The encouraging part is that the hardening is concrete and largely free of new tooling. It is a matter of tightening trust conditions that are too often left at their permissive defaults: scoping OIDC trust narrowly, isolating builds, constraining what a pipeline identity can publish, and assuming that any single credential can be stolen. None of this is exotic; it is the disciplined application of capabilities most teams already have and have not fully configured.
◆ Key Takeaway
Miasma published malware with genuine SLSA provenance by subverting the pipeline rather than faking the attestation — proving that provenance answers "who built this," not "was the build trustworthy." The defensible posture is to treat build-time trust as compromised by default: scope every CI/CD identity to the narrowest possible conditions, isolate builds, and assume every secret a pipeline touches can be stolen and reused. For Swiss exporters, this is now a CRA secure-development obligation, not just hygiene.
- Scope OIDC trust to specific branches, tags, and environments — never the whole repository. Configure cloud roles and registry trust to accept only protected-branch or release workflows, so a token from an arbitrary commit or pull-request context cannot publish or reach production credentials.
- Require protected branches and reviewed releases for anything that publishes. Gate package publication behind branch protection, mandatory review, and release approval, so a single hijacked maintainer account cannot push a release commit unchecked.
- Isolate the build from the publish step. Run dependency installation and build in an environment that has no access to publish tokens or production cloud credentials; grant publishing rights only to a separate, minimal, audited job.

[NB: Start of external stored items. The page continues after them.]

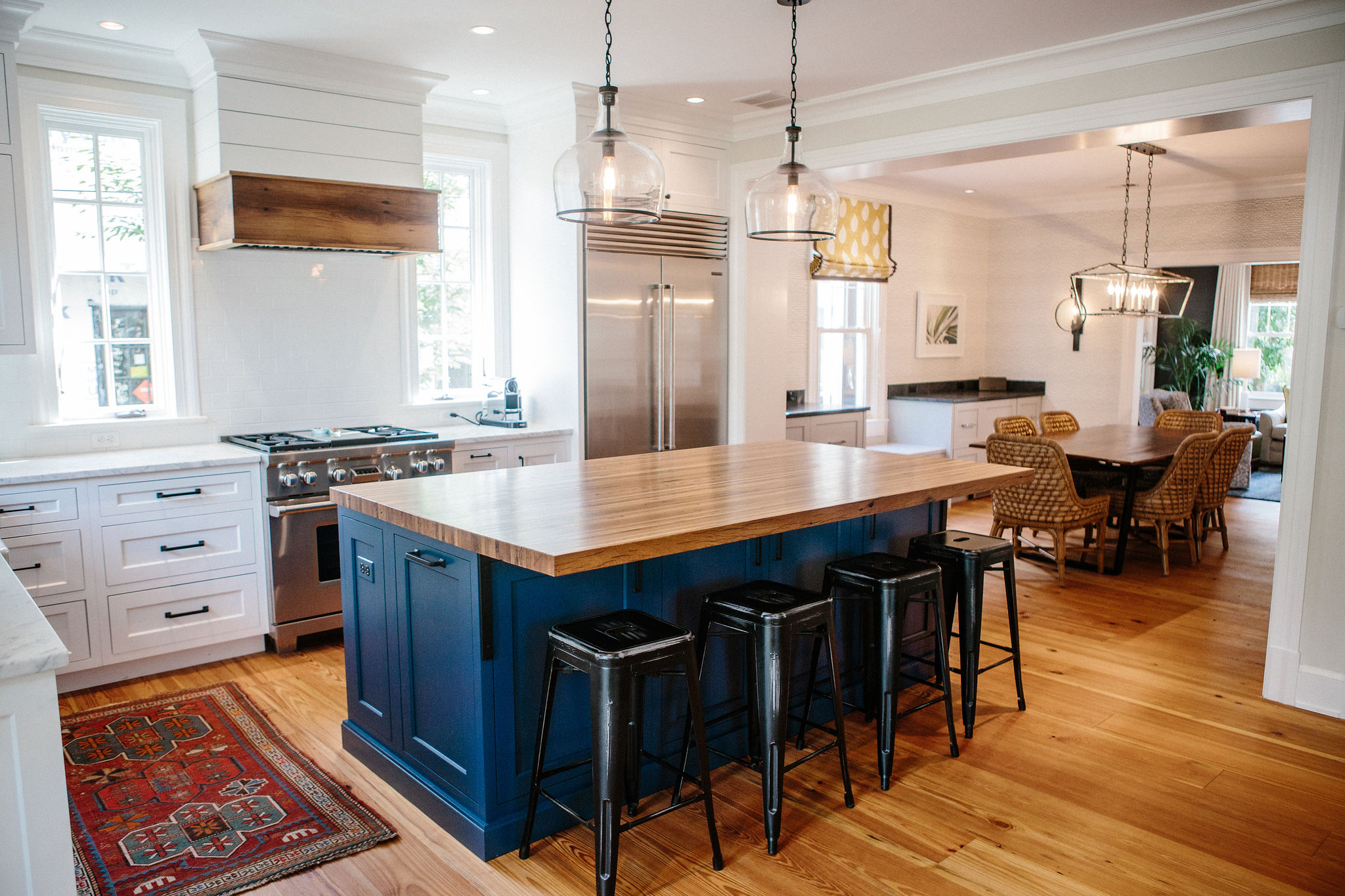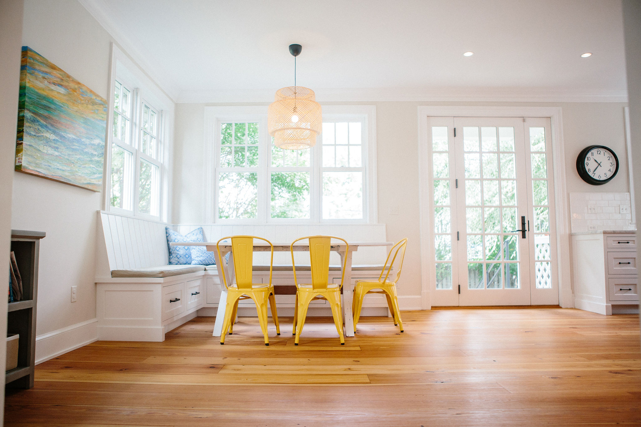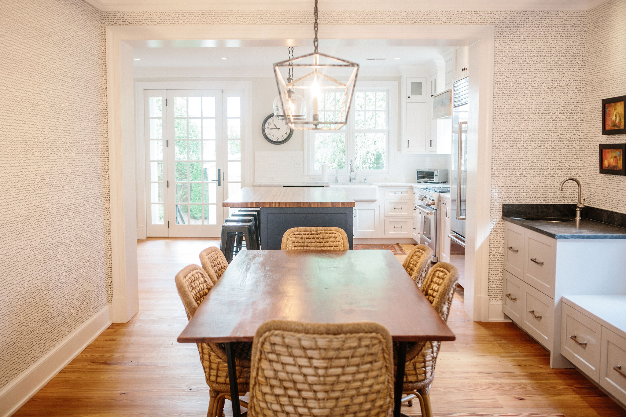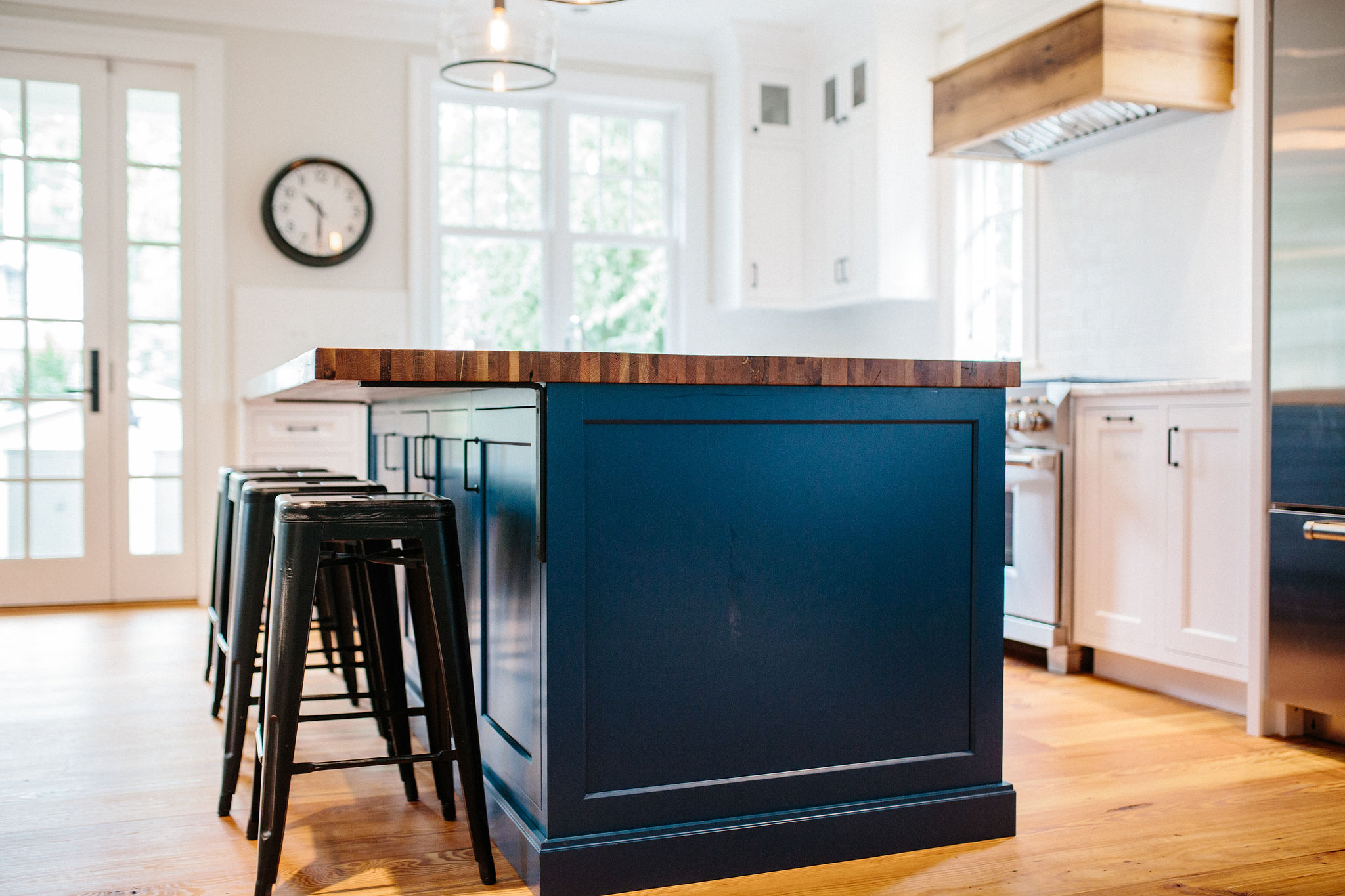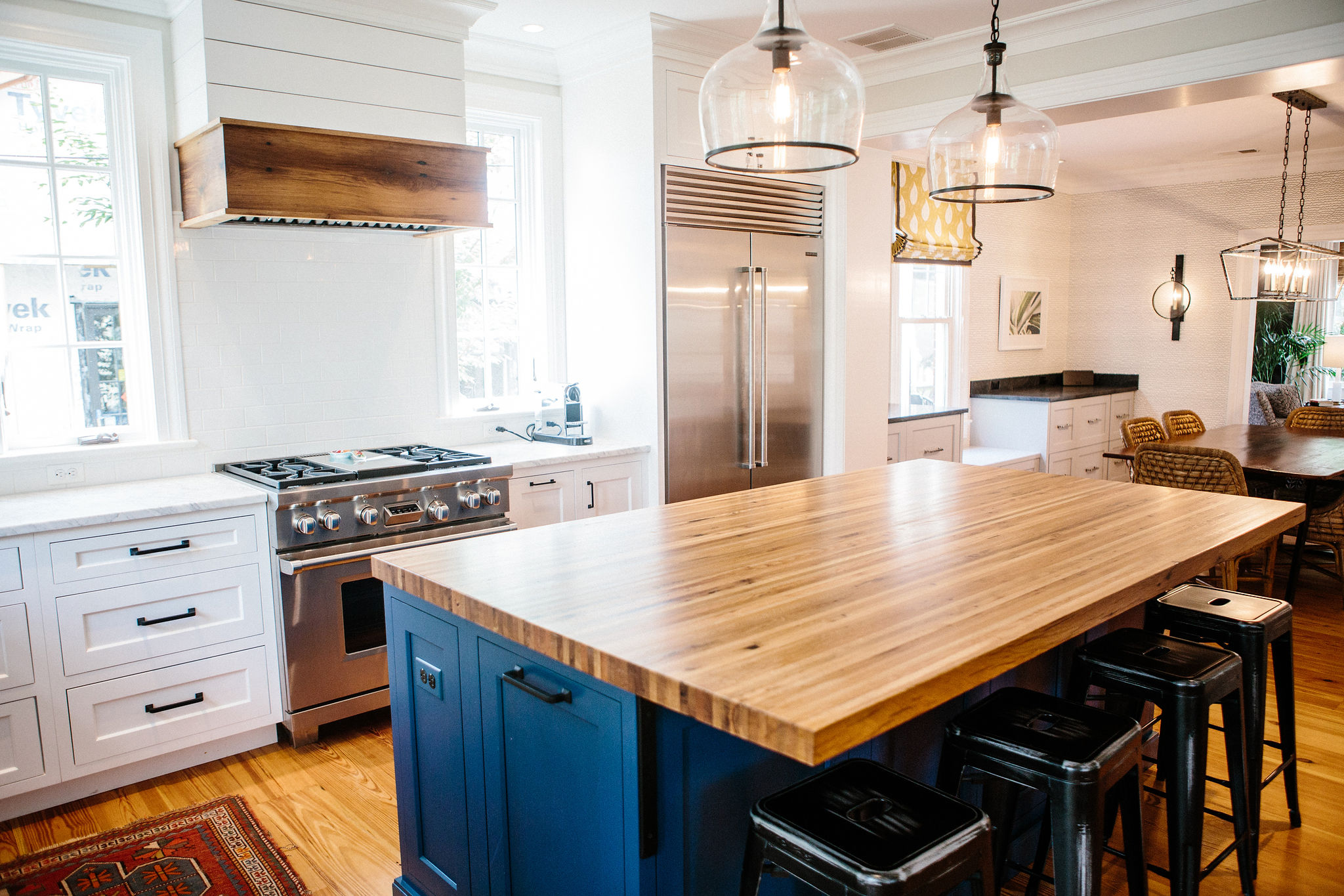 When our friends at Finn Construction Company, Inc. took on the tedious task of renovating a 1930s brick bungalow in Alexandria, VA, they turned to Cochran’s Lumber for period-appropriate flooring. The results are a stunning open concept space that embraces both the home’s history with our wide-plank Heart Pine flooring and its functionality with our gorgeous Antique Oak butcher block kitchen island and countertop.
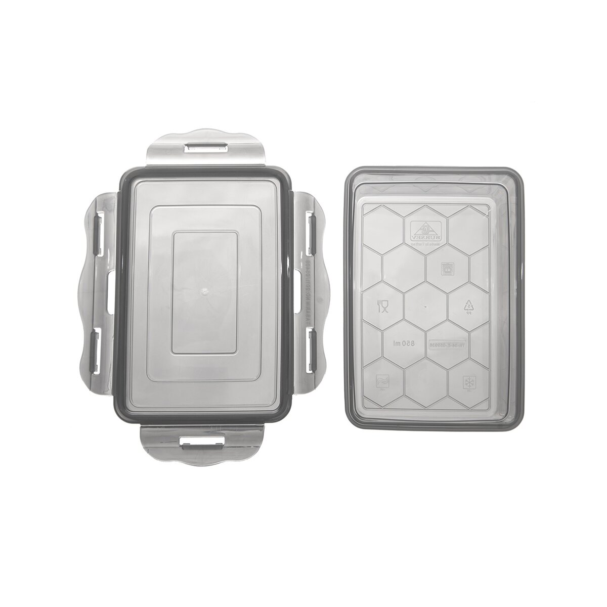 Kód produktu 127164Obdélníková plastová dóza GREY velikosti 15x10,5x6 cm, se silikonovým těsněním a uzavírání na 4 klipy ve víčku.
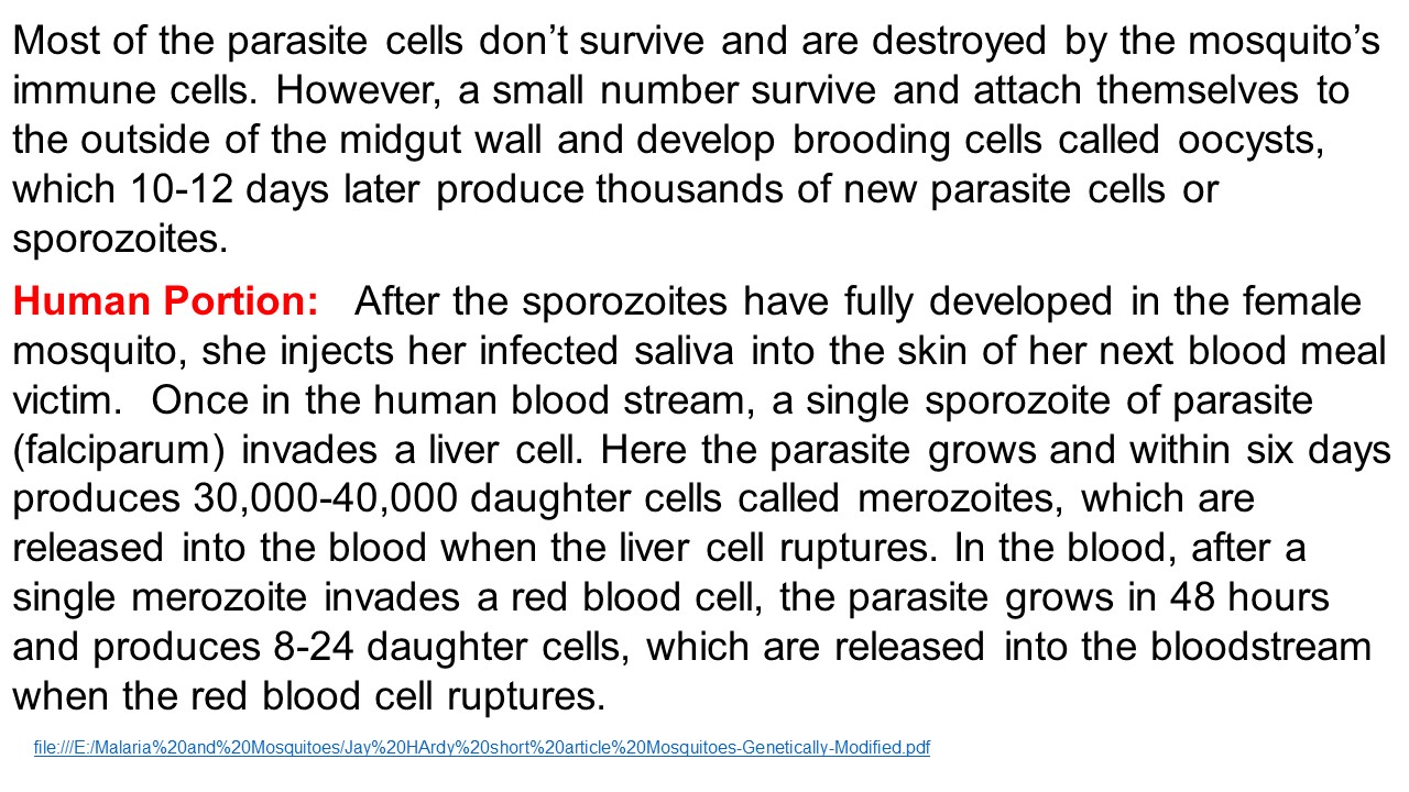 One also needs to weigh the situation when millions of people are infected by malaria every year which results in great loss of economic activity and loss to the communities. This level of tragedy must be addressed and it seems to me that the negative arguments against GM are weak in this case.
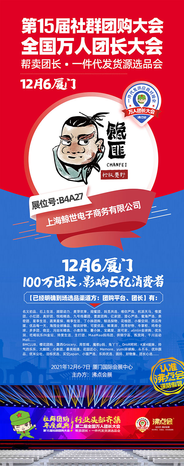 厦门全国万人团长大会定于12月6-7日在厦门举办,活动规模将达到万人,在招展开启后,已有数百家品牌和团队与沸点天下达成合作,参展厦门全国万人团长!届时,上海鲸世电子商务有限公司旗下中华特色即食小吃领导品牌——馋匪受邀参展厦门全国万人团长大会将受邀参展本次活动。
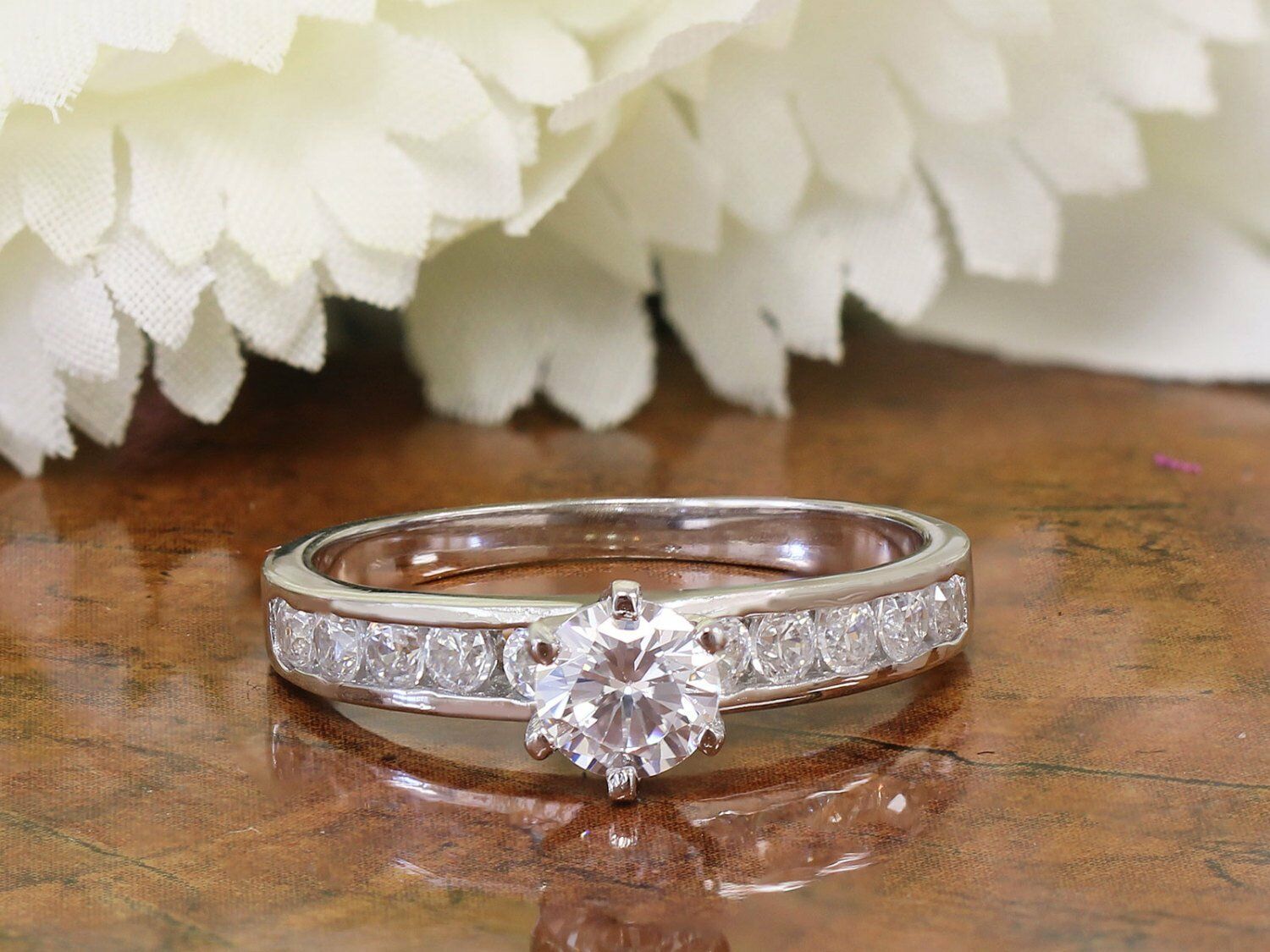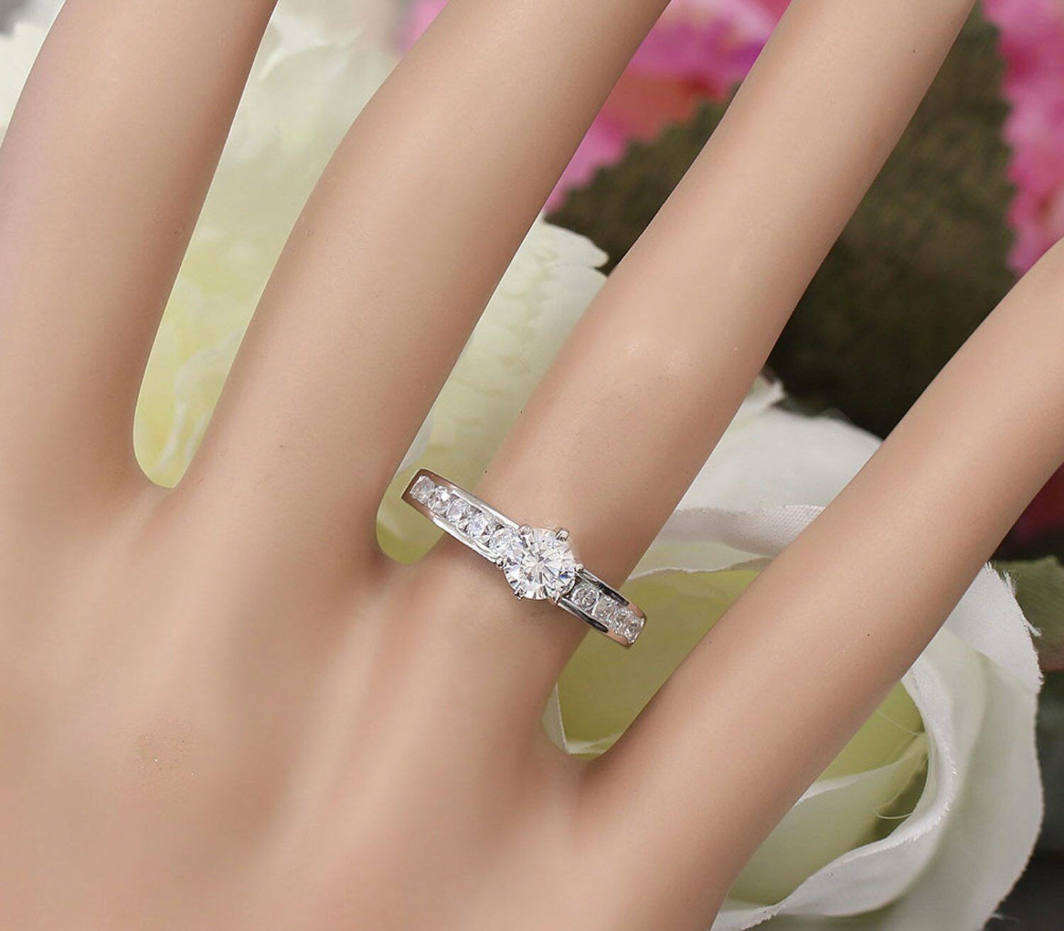 Accents Solitaire Engagement Ring 1.9ct Round Cut Diamond 14k White Gold Finish
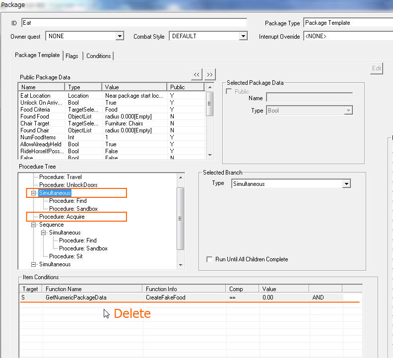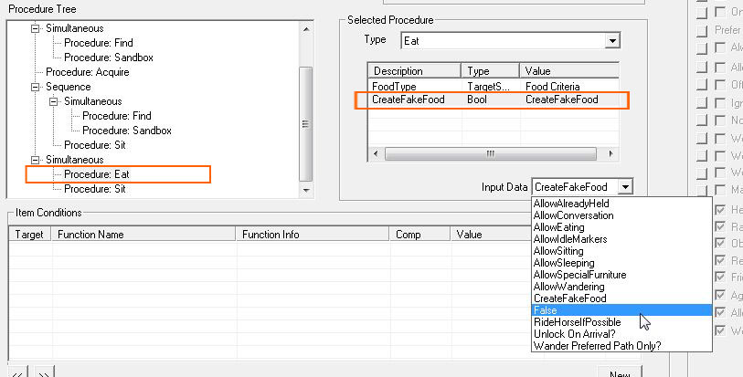 すると一番下の「Item Conditions」の所に"GetNumericPackageData CreatFakeFood == 0.00"という条件が一行だけでてきます。これを選択して「右クリック>Delete」で消します。
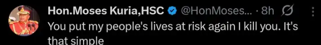 Senior government advisor Moses Kuria has shocked many people online after he posted a harsh and unclear warning about future demonstrations in the Mt Kenya region.
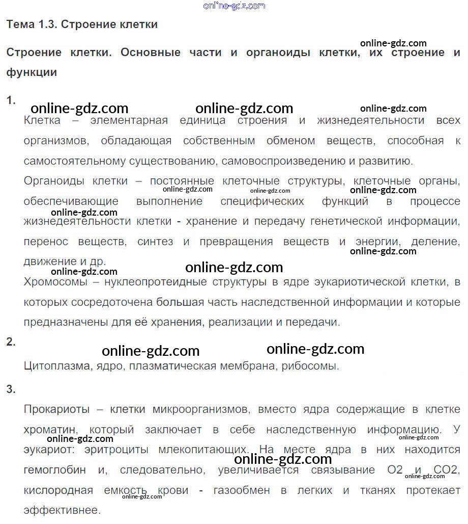 Готовые домашние задания по Биологии за 10, 11 класс Рабочая тетрадь Пасечник, Швецов УМК Базовый уровень 2017 - Глава 1. Клетка Тема 3
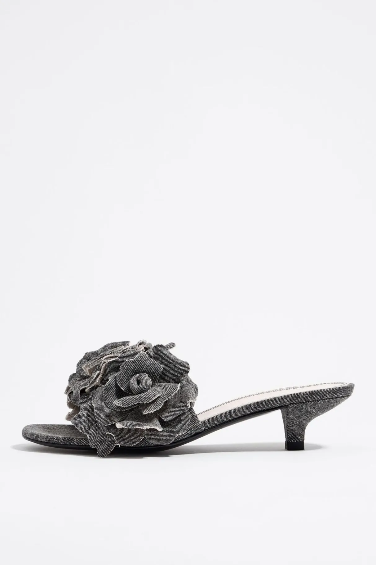 Sandalia De TacÓN Con Adorno De Flores En Denim En Color Negro. Modelo Con TacÓN Forrado. Plantilla De Piel Con Logo Grabado Y Suela Personalizada.

- Pin and verify dependencies with lockfiles and integrity hashes. Enforce
npm ciagainst committed lockfiles, enable integrity checking, and review lockfile diffs so an unexpected new transitive dependency surfaces in code review rather than at runtime. - Make every pipeline secret short-lived and single-purpose. Prefer OIDC-issued ephemeral credentials over stored long-lived keys, scope each to one task, and ensure stolen tokens expire before they can be widely reused.
- Monitor your own publish events and registry activity. Alert on any package publication, version bump, or token use that does not correspond to an authorised release, and treat an unexplained publish as an incident, not a curiosity.
- Rehearse the maintainer-account-compromise scenario. Run a tabletop in which a developer's GitHub credentials are stolen: confirm you can revoke tokens, force re-authentication, yank a malicious package version, and notify downstream consumers within hours.
The supply-chain attacks of 2026 have converged on a single insight: it is far more efficient to compromise the place where trusted software is built than to defeat the controls that verify it afterwards. Miasma is the clearest expression of that shift because it weaponised the trust infrastructure itself, turning provenance into a truthful endorsement of malware. Swiss teams cannot opt out of open-source dependencies or cloud-native pipelines, and they should not try. What they can do is stop treating the build system as a trusted interior and start treating it as an exposed perimeter — one with its own identities, its own credentials, and its own attack surface that deserves the same scrutiny as a public-facing application. The pipeline is production. Securing it is now the work.